In this part of the lab, you will train your own machine learning models to predict the bitterness of a beer.

Remember that the data is available from two sources:

- on [Kaggle](https://www.kaggle.com/competitions/beer2024/data) (You will need to be signed in and to have joined the Kaggle competition to view this link.)
- on [Github](https://github.com/dlsun/pods/tree/master/data/beer) (https://dlsun.github.io/pods/data/beer/beer_train.csv and https://dlsun.github.io/pods/data/beer/beer_test.csv)

A description of the variables is available [on Kaggle](https://www.kaggle.com/competitions/beer2024/data).

You will submit the models that you develop in this lab to a Kaggle competition. [Use this link to join the Kaggle competition](https://www.kaggle.com/t/fc19bcab992642cb882edc7bdfbba3eb).





In [None]:
import pandas as pd
import numpy as np
import matplotlib.pyplot as plt
from sklearn.pipeline import make_pipeline
from sklearn.compose import make_column_transformer
from sklearn.preprocessing import StandardScaler, OneHotEncoder, MinMaxScaler, MaxAbsScaler, Normalizer
from sklearn.neighbors import KNeighborsRegressor, KNeighborsClassifier
from sklearn.linear_model import LinearRegression, Ridge, Lars, ElasticNet, Lasso
from sklearn.feature_extraction.text import TfidfVectorizer, CountVectorizer
from sklearn.metrics import mean_squared_error
from sklearn.model_selection import cross_val_score, GridSearchCV
from sklearn.svm import LinearSVR
from sklearn.ensemble import GradientBoostingRegressor, BaggingRegressor
from sklearn.exceptions import DataConversionWarning
from sklearn.tree import DecisionTreeRegressor
import warnings

In [None]:
train_df = pd.read_csv("https://dlsun.github.io/pods/data/beer/beer_train.csv")
train_df

Unnamed: 0,id,abv,available,description,glass,ibu,isOrganic,name,originalGravity,srm
0,0,8.2,"Available at the same time of year, every year.",A Belgian-Abbey-Style Tripel that is big in al...,,31.0,N,LoonyToonTripel,1.070,8
1,1,5.7,"Available at the same time of year, every year.",Covert Hops is a crafty ale. Its stealthy dark...,Pint,45.0,N,Covert Hops,1.056,35
2,2,5.8,"Available at the same time of year, every year.",This is a traditional German-style Marzen char...,Mug,25.0,N,Oktoberfest,1.048,10
3,3,5.5,Available year round as a staple beer.,A West Coast-Style Pale Ale balancing plenty o...,Pint,55.0,N,Pale Ale,1.044,5
4,4,4.8,Available year round as a staple beer.,This Bombshell has a tantalizing crisp and cle...,Pint,11.4,N,Head Turner Blonde Ale,1.045,3
...,...,...,...,...,...,...,...,...,...,...
5995,5995,5.5,Available year round as a staple beer.,"Taking its cues from “Three Threads”, a barten...",Pint,33.0,N,Mayflower Porter,1.040,Over 40
5996,5996,11.0,"Available at the same time of year, every year.",Our barley wine is what would be considered an...,,30.0,N,Barbieswine,1.085,20
5997,5997,5.2,Available year round as a staple beer.,Our version of a west coast pale ale pushes th...,Pint,45.0,N,Canuck Pale Ale,1.044,8
5998,5998,6.2,Limited availability.,Aquarius White IPA combines the phenolic and e...,,50.0,N,Aquarius,1.044,2


## Question 1

Fit at least **three** different machine learning models that are different from the models that you fit in Part A of this lab.

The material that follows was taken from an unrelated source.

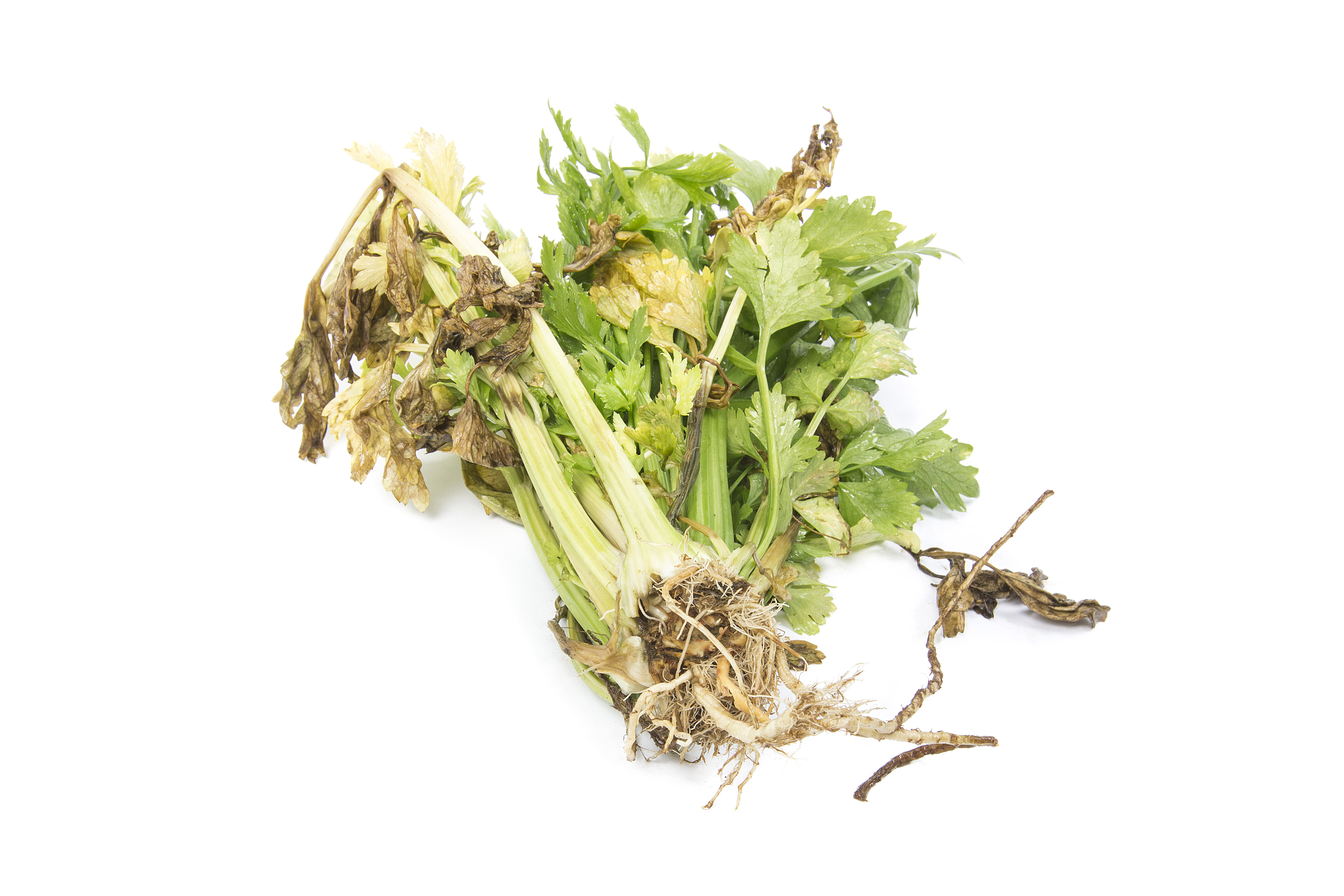 Sur un plant de céleri, le collet et la partie supérieure des racines montrent une pourriture sèche d’aspect liégeux. Le système vasculaire du collet est brun (non visible ici). Les feuilles basales étaient jaunes et flétries. Le système racinaire était composé de nombreuses racines secondaires brunes et humides. Les tests de laboratoire ont révélé la présence du champignon Fusarium oxysporum, responsable de la fusariose vasculaire (jaunisse vasculaire) chez le céleri. Notez que le champignon Pythium ultimum a également été détecté des dommages. Il cause la pourriture des racines.

Models are considered "different" if they use:

- different sets of input features,
- different preprocessing, or
- different machine learning methods/algorithms.

You are encouraged to try varying all three!

For each of your three models, you should do a grid search to find the best hyperparameters.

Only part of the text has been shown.